‘A More Informed, Inclusive Perspective’ Studying Arabic in Jordan and Lebanon has given Sierra Terrana '20 a new outlook on Islam and the Middle East—one that she hopes to parlay into a legal career.
Hometown: Tampa, Florida
Minor: Middle Eastern Studies with an Arabic language emphasis
What factors led you to choose W&L?
Having attended a small, private school for 10 years, and a public high school with an enrollment larger than W&L’s, I was familiar with the benefits and shortcomings of each type of institution at the time of my application. I chose W&L because it provides students with many of the opportunities offered by larger, research universities without sacrificing small class settings or a sense of community. During my campus visit, I was struck by the genuine kindness shown to me by both students and faculty, and I still feel privileged to be a part of such a talented and close-knit community.
What made you decide on your major and minor? How do they work together to personalize your education?
I decided to major in English for the sake of my own intrinsic love of words as well as for the empathetic but highly critical mindset cultivated by literature. My interest in the Arabic language and Middle Eastern society began with a research project that I was assigned during my first year, for which I chose to analyze Daesh online propaganda.
Through my research, I became increasingly aware of the lack of understanding surrounding Islam and the Middle East, and decided to study Arabic in an effort to engage more authentically with the region and its people.
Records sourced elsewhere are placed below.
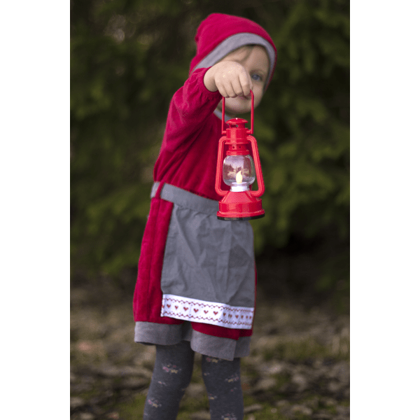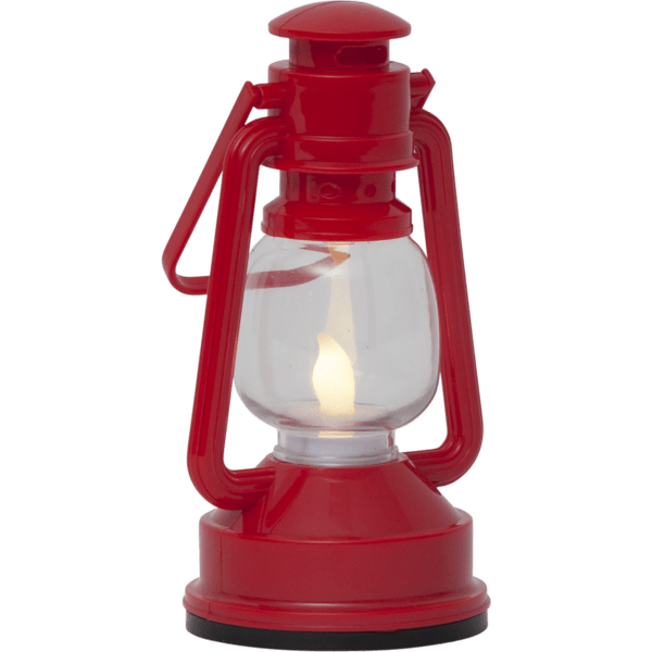 Julig röd lykta. Lyktan är 15cm hög och ger ifrån sig ett mysigt, varvmitt sken. Perfekt att ha med i lucia/tomtetåget. Drivs på 1st CR2032 batteri som ingår. Brinntid ca: 80h.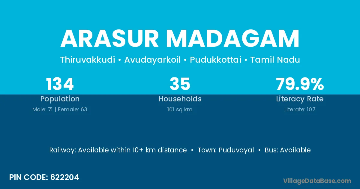 Arasur Madagam village has a total population of 134 people, of which 71 are males and 63 are females.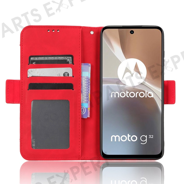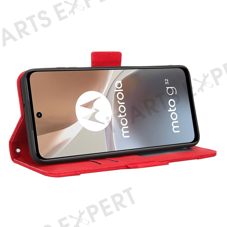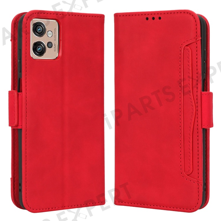 For Motorola Moto G32 4G Multiple Card Slots PU Leather Flip Stand Wallet Case Dual Magnetic Clasp Phone Cover - Red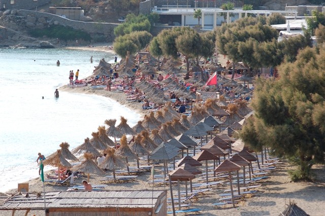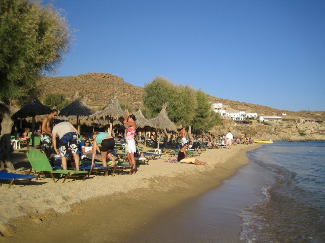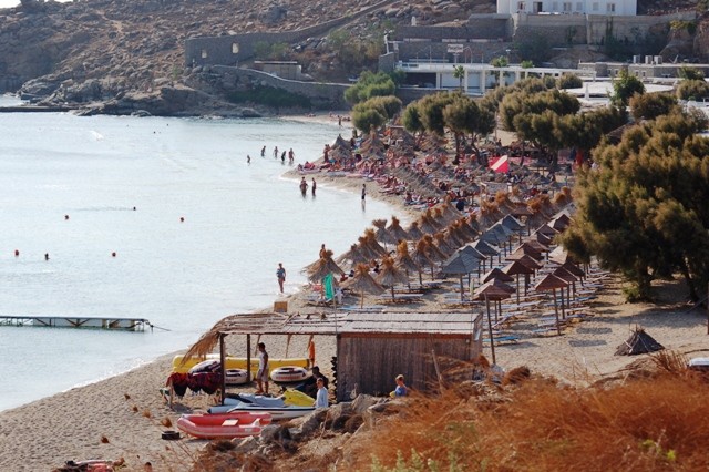 Probably the most popular beach on the island. You can get the by Mykonos busses. perating since 1969, with many facilities available: Paradise Hotels , paradise camping and studios and apartments , two mini markets, newspapers, laundry, a water and electricity supply, natural shade and wattle fences, a restaurant with international dishes open 24 hours a day, a souvenir shop, internet, fax, secretarial services, a playground on the beach and mush more. Paradise beach Mykonos developed its fame and contemporary name through its discovery by the "Hippies" and other world traveling backpackers of the 60"s. Nude sunbathing tolerant, this beautiful large expance of beach caters primarily to the young set offering a well organised the largest camp-site in Mykonos. The same business also rents rooms and runs the famous Paradise Beach Bar, where fun is always at its best, whereas parties and lots of events are held at that pool club cafeteria, snack bars, beach bars, mini shops and discos. Together with water sports and a professional diving center Paradise also has the most established camping facilities on the island. Transportation to and from the beach is possible through direct frequent bus service from town or boat service from Plati Gialos.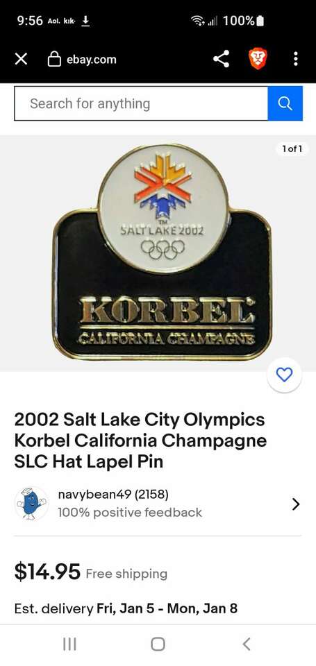 2002 Salt Lake City Olympics Korbel California Champagne SLC Hat Lapel Pin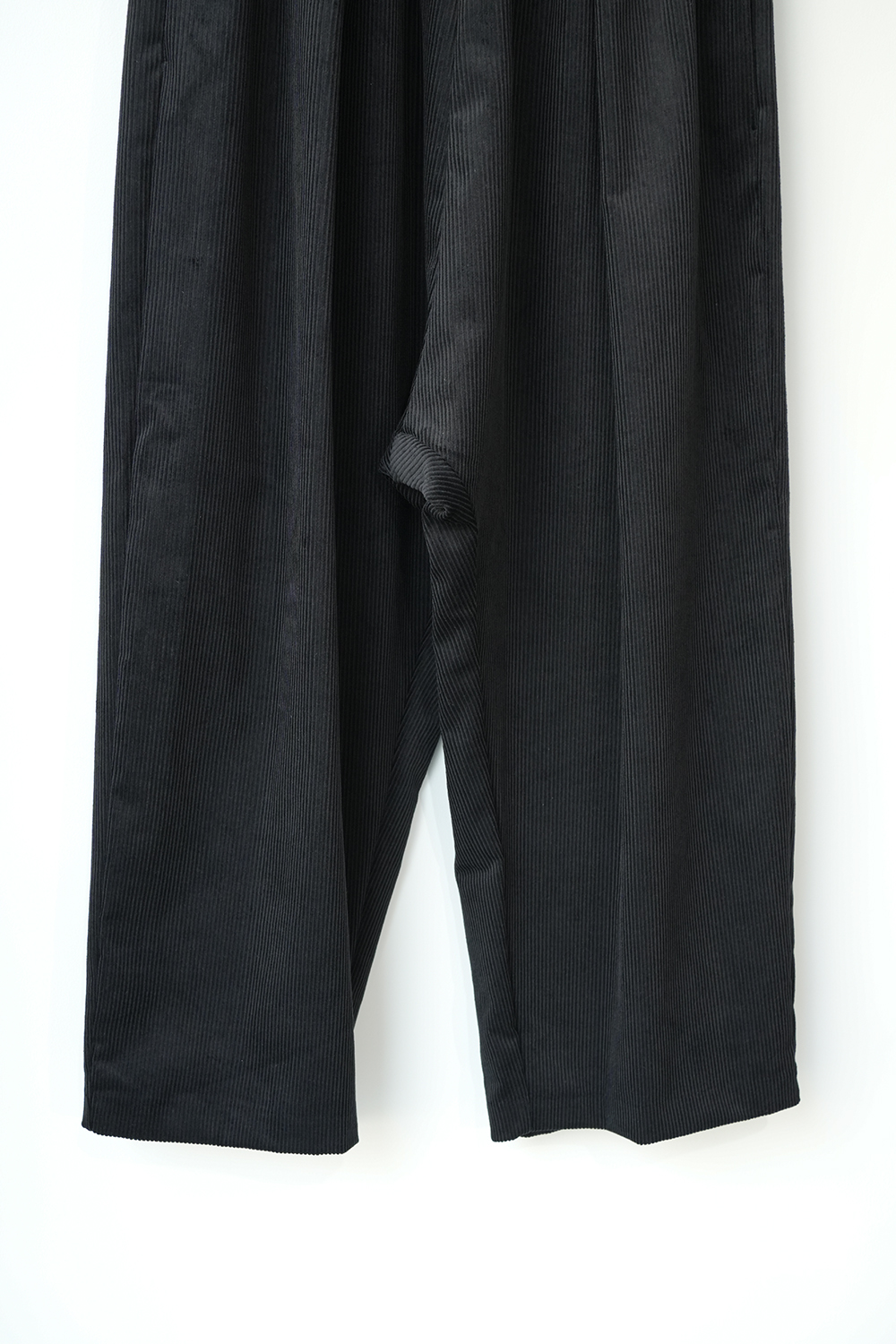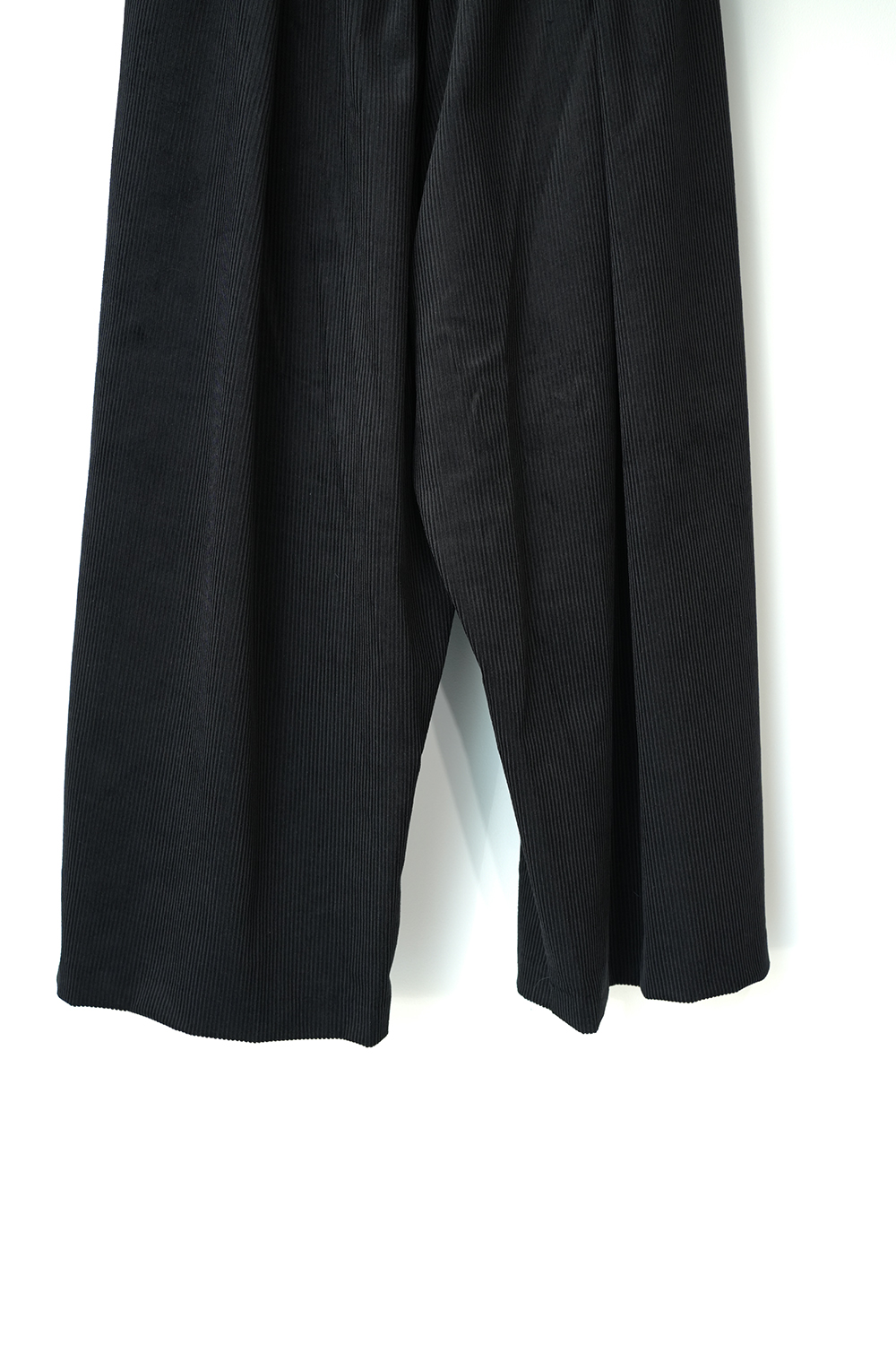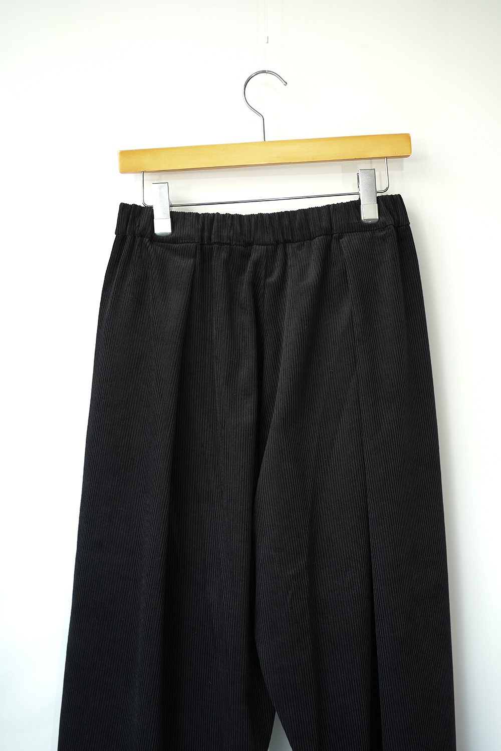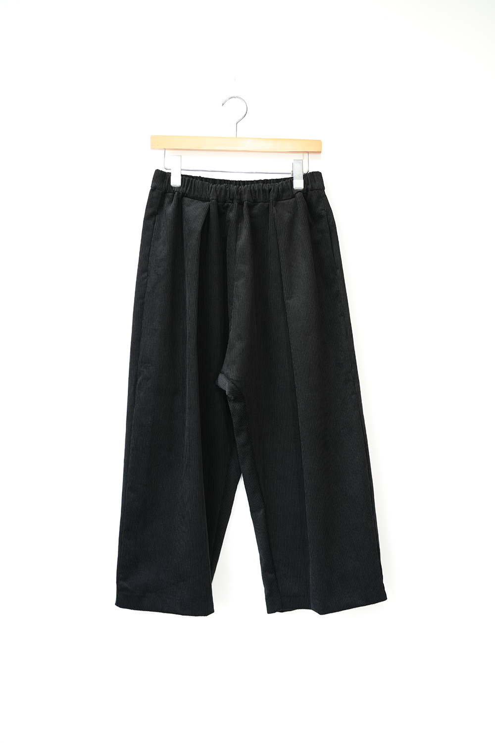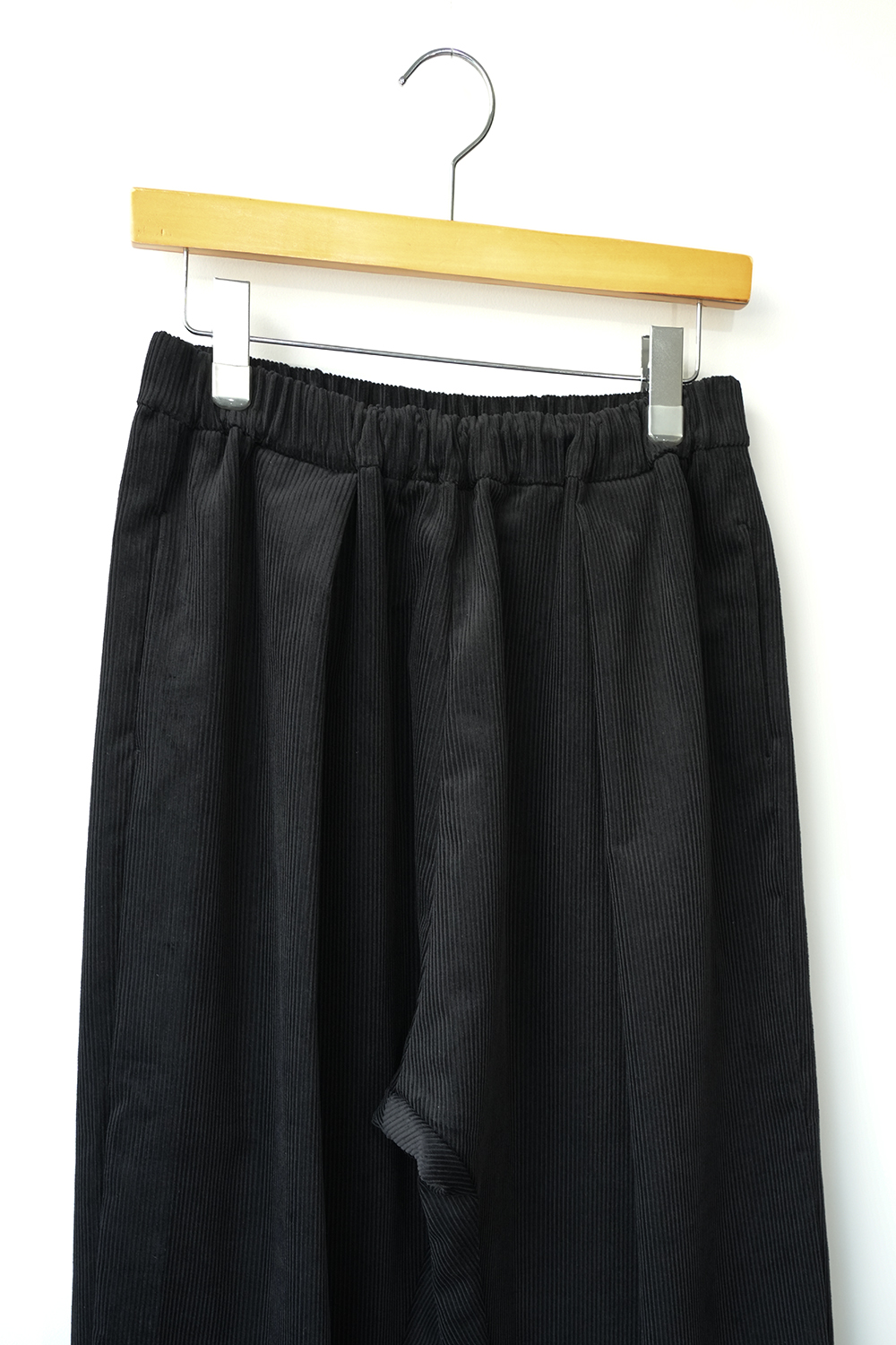 コーデュロイ生地で仕上げたシンプルなワイドパンツ。締め付けのないウエストゴムとソフトな肌触りの生地で穿き心地良し。レッグを拾わないシルエットとクロップド丈のバランスはトップスを選ばないコーディネートできます。
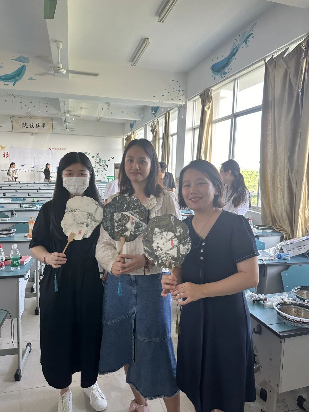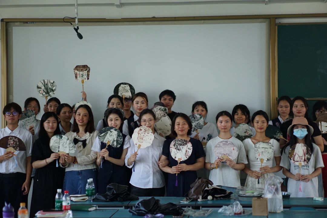 同学们对自己扇面的纹样构图进行了精心设计,各具特色的水波纹样让每一把扇子都独一无二,在经过细心的打磨和点缀之后,一幅幅精美的漆扇作品逐渐呈现,为之惊艳!同学们都非常开心在这次活动里收获了一份专属于自己的礼物。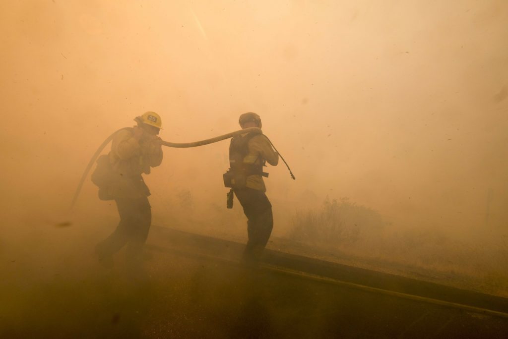 All told, more than 8,000 firefighters statewide were battling wildfires that destroyed more than 7,000 structures and scorched more than 325 square miles (840 square kilometers), the flames feeding on dry brush and driven by blowtorch winds.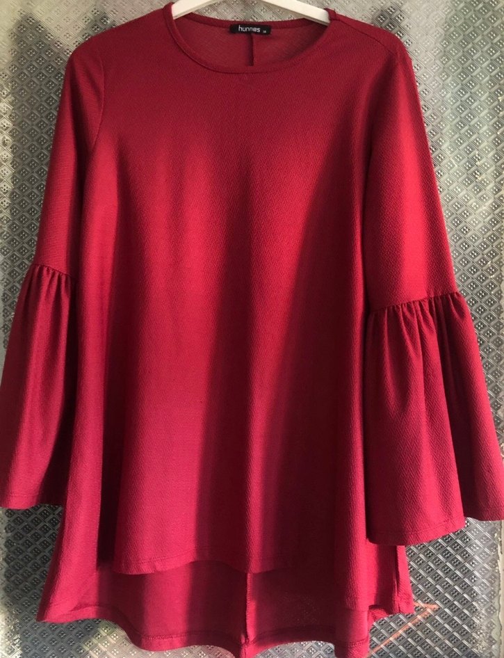 BİLGİLER SON RESİMDE MEVCUTBordo renkli, uzun kollu ve fırfırlı detaylı kadın tunik. Sentetik kumaştan, salaş kesim ve midi boyda, bohem tarzına uygun.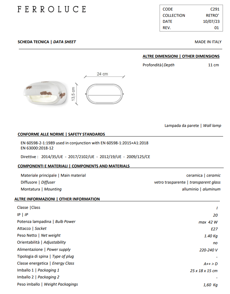 - Model: Kinkiet BRINDISI Ferroluce C291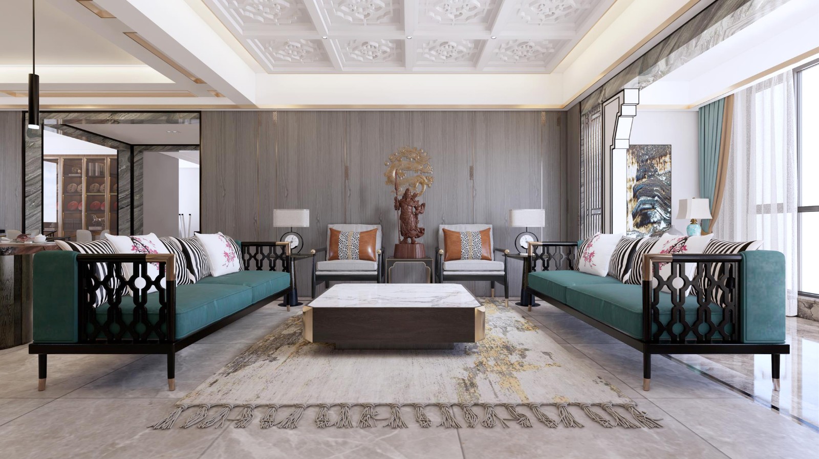 整个空间以灰白色为主色调。金属装饰配木饰面的完美搭配做主背景,抢眼中式元素的关二爷坐镇堂中,抛却传统客厅模式,对方放的新中式沙发从形式上让会客厅整齐对称,体现出主人的沉着稳重感!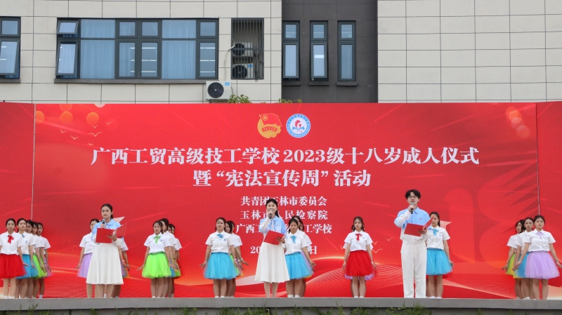 为引导学生树立责任意识、增强法治观念,迈好成年之路上的第一步,12月5日上午,学校在福绵校区运动场举行2023级学生十八岁成人礼仪式暨“宪法宣传周”主题活动。共青团玉林市委员会副书记陈方恒、玉林市人民检察院未成年人检察部主任李佳、校领导及2023级全体师生共同参加。

As I continue to work toward a more informed, inclusive perspective, I hope to approach current issues with the intellectual and cultural humility that they require.
Besides Lexington, where have you studied so far during your college career? What impact did those experiences have on you?
I spent the summer with an intensive Arabic program in Amman, Jordan, and studied at the American University of Beirut in Lebanon for the fall semester. My time in both countries has allowed me to experience the beauty and hospitality of Arab culture while cementing my desire to serve as an advocate for its people. Specifically, through my work with a Beirut-based NGO, I have become more attentive to particular gender-based issues as well as to the deteriorating condition of migrant domestic workers in Lebanon. I hope to continue my involvement with each.
What made it possible for you to study abroad?
I received the Powell Arabic Study Abroad Award and a fellowship from W&L’s Center for International Education.
How does your involvement with the W&L Mudd Journal of Ethics complement your courses of study?
As an editor for the Mudd journal, I have the privilege of reviewing submissions that apply an ethical framework to a breadth of contemporary arguments and academic disciplines — last year, for example, we published papers on topics ranging from medical care and multiculturalism to the ethics of immortality. Considering the different ethical arguments situated within so many contemporary issues has both complicated my own views and made me more receptive to differing ones.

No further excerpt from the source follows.